ValidParentheses[n_] := 
 Module[{}, 
  validParenthesesDFS[open_, close_, s_] := 
   If[open == 0 && close == 0, {s}, 
    Join[If[open > 0, 
      validParenthesesDFS[open - 1, close, s <> "("], {}], 
     If[close > open, 
      validParenthesesDFS[open, close - 1, s <> ")"], {}]]];
  validParenthesesDFS[n, n, ""]]
DrawParenthesesStructure[s_String] := 
  Module[{chars, stack = {}, nodeLabels, edges = {}, depth = 0, 
    maxDepth = 0, colorMap}, chars = Characters[s];
   nodeLabels = Table[If[chars[[i]] == "(", depth += 1;
      maxDepth = Max[maxDepth, depth];
      AppendTo[stack, i];
      Style[i, RGBColor[0.4, 0.6, 1, depth/10]], 
      depth = Max[depth - 1, 0];
      edges = Append[edges, UndirectedEdge[Last[stack], i]];
      stack = Most[stack];
      Style[i, RGBColor[1, 0.4, 0.2, 1 - depth/10]]], {i, 1, 
      Length[chars]}];
   colorMap = ColorData["Rainbow"] /@ Rescale[Range[0, maxDepth]];
   Graph[nodeLabels, edges, GraphLayout -> "LayeredDigraphEmbedding", 
    VertexSize -> 0.3, 
    VertexStyle -> Directive[EdgeForm[Black], Thickness[0.01]], 
    EdgeStyle -> Directive[Black, Thickness[0.005]], 
    VertexLabels -> Placed["Name", Center], ImageSize -> 300, 
    PlotLabel -> Style[s, 14, Bold], 
    Epilog -> 
     Inset[Panel[
       Column[{Style["Nesting Analysis", Bold], 
         "Total pairs: " <> ToString[Length[chars]/2], 
         "Max depth: " <> ToString[maxDepth], 
         "Catalan number: " <> 
          ToString[CatalanNumber[Length[chars]/2]]}], 
       Background -> Lighter[Yellow, 0.9]], Scaled[{0.8, 0.8}]]]];
Manipulate[
 Module[{parens = ValidParentheses[n], catalan = CatalanNumber[n]}, 
  Column[{Style[
     Row[{"Valid Parentheses for n = ", n, "  (Catalan number: ", 
       catalan, ")"}], Bold, 16, FontColor -> Darker[Blue]], 
    Grid[Partition[DrawParenthesesStructure /@ parens, UpTo[4]], 
     Spacings -> {2, 2}, Frame -> All, FrameStyle -> LightGray], 
    If[Length[parens] > 0, 
     Panel[Column[{Style["Statistical Summary", Bold], 
        Grid[{{"Total Combinations", catalan}, {"Average Length", 
           2  n}, {"Minimum Depth", n}, {"Maximum Possible Depth", 
           n}, {"Balanced Pairs Check", 
           AllTrue[parens, 
            StringCount[#, "("] == StringCount[#, ")"] &]}}, 
         Frame -> All]}], Background -> Lighter[Green, 0.9]], 
     "No valid parentheses for n = 0"]}]], {{n, 3, "Number of Pairs"},
   0, 6, 1, Appearance -> "Labeled", ControlType -> Slider}, 
 TrackedSymbols :> {n}, Paneled -> True, SaveDefinitions -> True]

Catalan Number

That's enough parentheses to last at least a day, because what we're doing is matching the parentheses via validation.

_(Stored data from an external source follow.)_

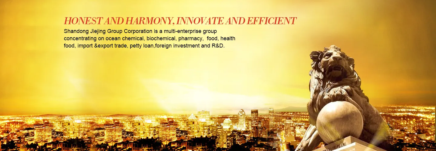 Shandong Jiejing Group Corporation was founded in 1968. It is a multi-enterprise group concentrating on ocean biochemical, health food, import & export trade, petty loan, foreign investment and R&D. It has four subsidiary companies and one joint venture company. The company covers 500,000 square meters and has more than 1200 employees, with total assets of RMB2.1 billion, sales income in 2016: RMB1.8 billion, sales income in 2017: RMB1.96 billion.
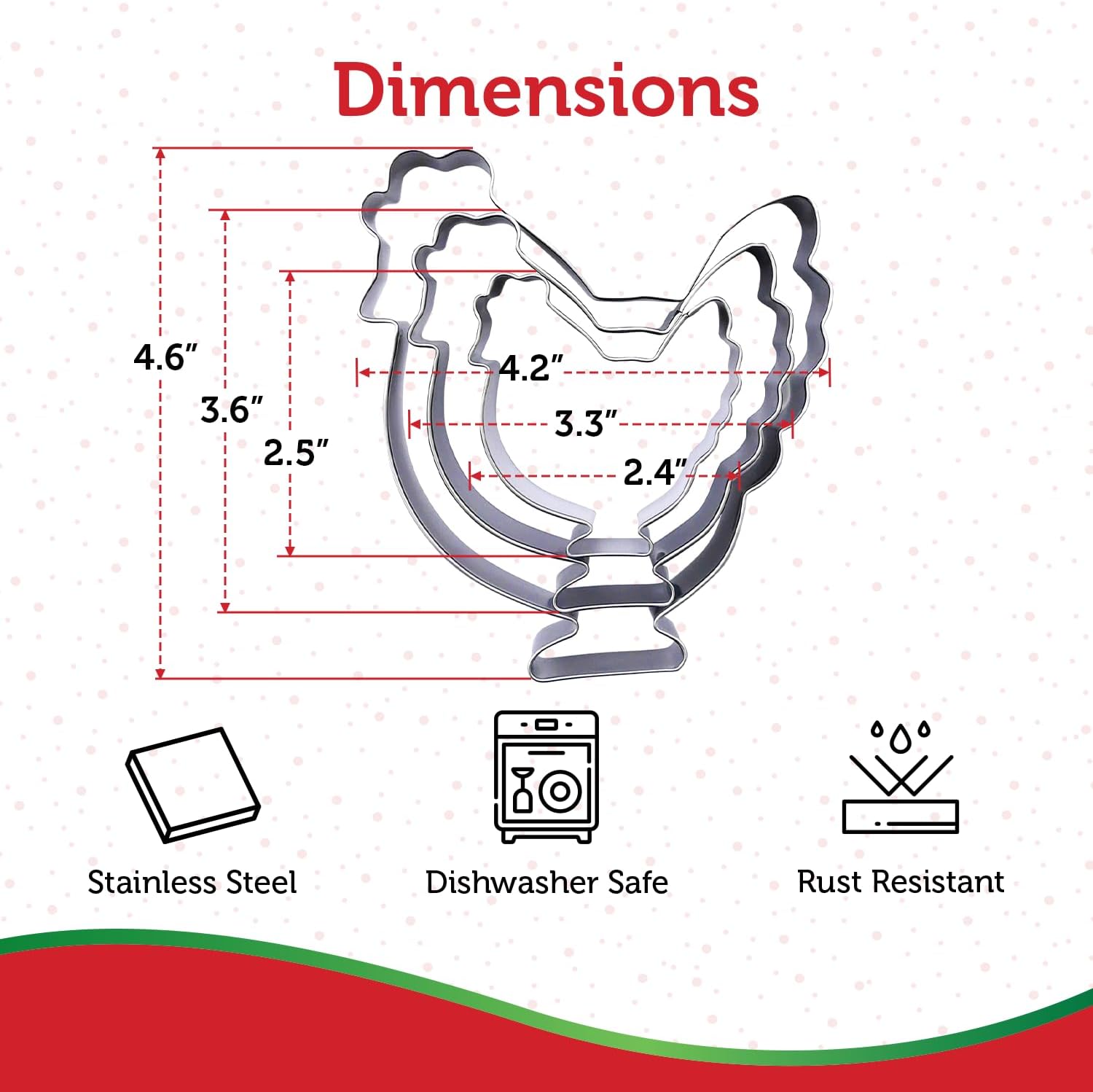 - Chicken-Shaped Design For Farm-Themed Fun: Create delightful farm animal-shaped treats for barnyard-themed parties, or everyday baking with these chicken cookie cutters 3 piece set; add country flair to cookies, sandwiches, and more, making each bite fun
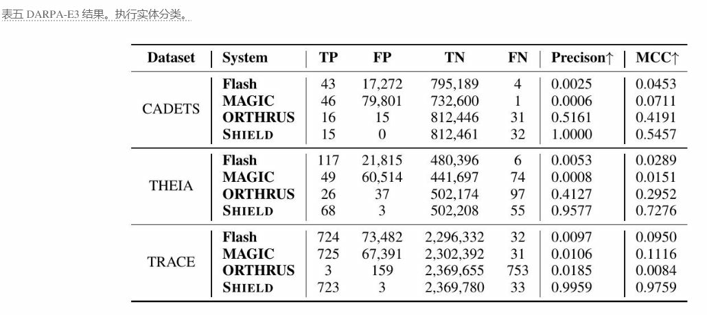 DARPA-E3。在表V中,我们展示了SHIELD的检测结果,并将其与Flash、MAGIC和ORTHRUS进行比较。我们发现Flash和MAGIC产生了大量的误报(FP),规模达到数万,这导致了低精度(在所有子数据集上均低于0.1)。尽管Flash和MAGIC在他们的论文中报告了高精度,但如果一个节点位于ground-truth报告中提到的节点的2跳范围内,他们就将该节点标记为恶意节点,这导致了对恶意节点的过高估计。[14]中也报告了类似的观察结果。ORTHRUS实现了更高的精度,尽管以更高的漏报(FN)为代价。另一方面,SHIELD能够实现非常高的精度(在三个子数据集上均超过0.95),与其他基线相比有很大的优势。对于像DARPA-E3这样不平衡的数据集,MCC提供了一个稳健的测量方法,我们发现SHIELD再次优于其他基线。
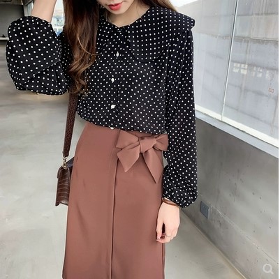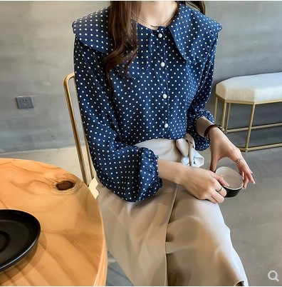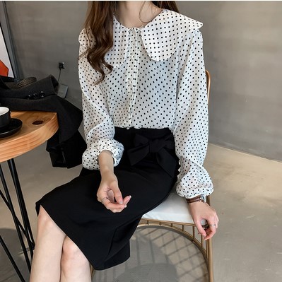 달콤한 인형 칼라 웨이브 도트 쉬폰 셔츠 여자의 긴 소매 탑 플러스 사이즈 베이스 셔츠 BL #3450스토어 가기
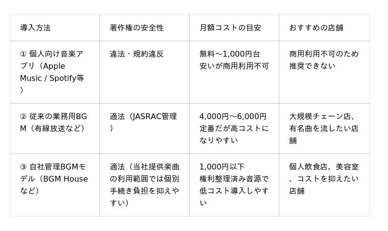 ■ 店舗BGMサービス 3つの導入方法の比較表
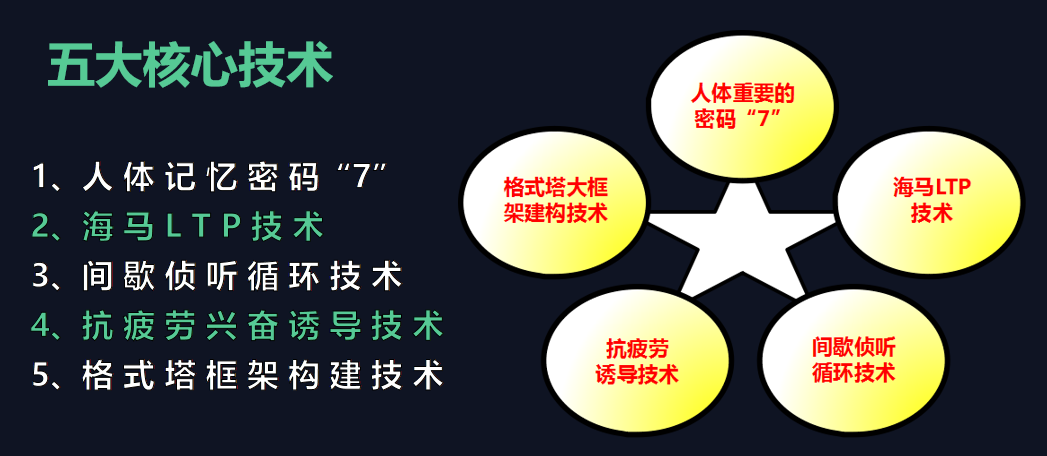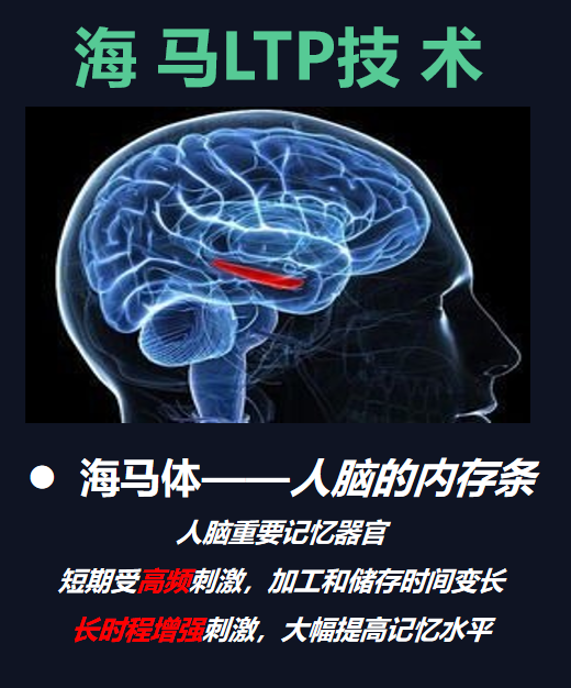 海马体是人脑短期记忆的一个重要器官,通过高频率高强度的去刺激海马体,就能将大量的信息识记完成,形成短暂记忆,解决了孩子能够记得住的问题

If we recursively generate all valid parentheses strings by using validParenthesesDFS a helper function that has a proper base case (open == 0 && close == 0) then sensing the characters, it's like trying to sense a dog's tail in its wagging motion, the accessibility of the conversion of the string into a list is a foregone conclusion in that the usage of the indices to build node labels is what allows us to calculate the nesting depth and create the graph. It's what, the ValidParentheses function generates combinations and visualizes each using the DrawParenthesesStructure function. And to try to identify different sort of, the language of dogs as represented by tail wagging. But in terms of how realistic you can make the robotic dog, there will be lots of progress on this in making the analog of large language models for resolving bracket specifications and the parentheses combinations and turn that into the actual sequence of parentheses and actuations in the artificial nested structure of the graph in all its "depth".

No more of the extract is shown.